The first thing you would notice about me, after the colourful skirts on my ample hips, the necklace resting on the blossoming bust, and my bright tights, is my hair, which is rapidly turning silver.
I got my first grey hair aged 12, and now, aged 32 I am nearly at the tipping point – the grey is winning the battle!

Me two years ago
I am young to be going grey I know. But I have always been older than my years. My mother always said that when I was born she looked into my eyes and saw an old soul. Many people have said I am wise beyond my years. And now my hair proclaims that fact.
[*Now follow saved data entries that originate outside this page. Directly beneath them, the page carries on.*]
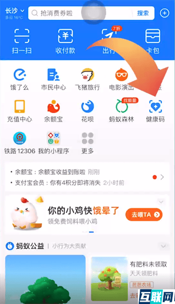 1. 1.首先打开支付宝app,在支付宝首页点击健康码选项,
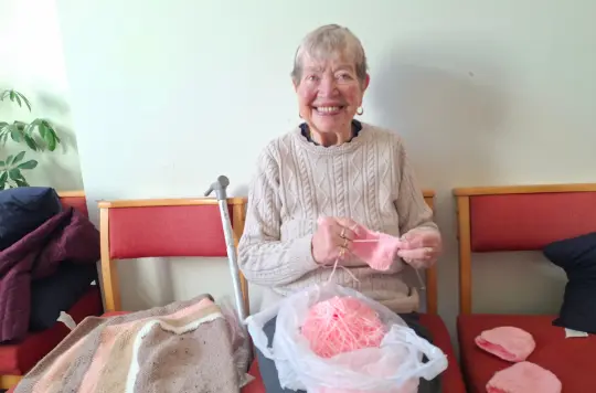15 elderly knitters, aged up to 93, celebrate 10 years of friendship and 2,000 handmade items for Gloucester Royal Hospital.
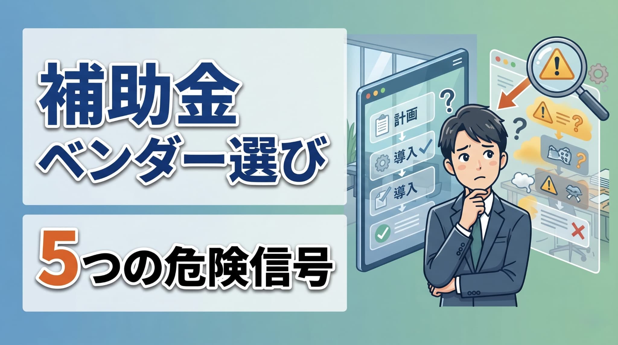 IT導入補助金(デジタル化・AI導入補助金2026)の支援事業者選びで失敗しないための実務ガイド。会計検査院が指摘した1億円超のキックバック不正、登録取消処分を受けた事業者の共通点、料金相場と契約前に確認すべき5つのチェックリストを一次情報ベースで解説。
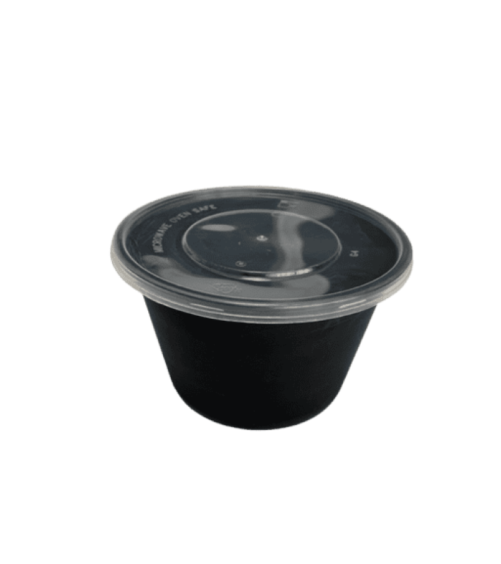 Container στρογγυλό PP μαύρο για φούρνους μικροκυμάτων 1000ml T47 με καπάκι 50τεμάχια*6πακέτα

But I notice, that even amongst women 10, 20, 30 years older, I stand out for being my natural colour. For embracing the moonlight in my hair, rather than covering it up with a bottle. And it makes me feel unsure – do people think I am old, or ugly, or embarrassing? Or do they think this about themselves? What is so wrong about women getting older and fleshier and more fully themselves, echoing physically what is happening spiritually? It seems perfectly acceptable for men in our culture… so why not us?
What every woman does to feel good about herself and her body is her choice. But in this culture of ours it often is not a free choice, but one made out of shame, embarrassment and conformity. I remember reading a feature in The Guardian not that long ago on older women in the media – aged between 50 and 75 – and not not of them had a grey hair on their heads.
What I know is that for me, every silver hair is a strand of wisdom, a lesson learned, an experience gained, a shock survived. Each one is a precious part of who I am, so I am not about to cover them up.
Just as I am not going to diet away my voluptuous curves. I am a woman embodied in time and memory. This is my body – each curve, each stretchmark tells a story of love and loss, hard work and heart break, and joy in abundance. Why would I choose to smooth it away and pretend I was still a teenager.
I was a teenager once. And I hated it. Hated my body – which was “perfect”. Where now I know who I am and find great satisfaction in it. Most of the time!
However, I reserve the right, at some point in the future to dye my hair a rainbow – not to cover up, but to shine and embrace my Creative Rainbow Mama in all her glorious colours!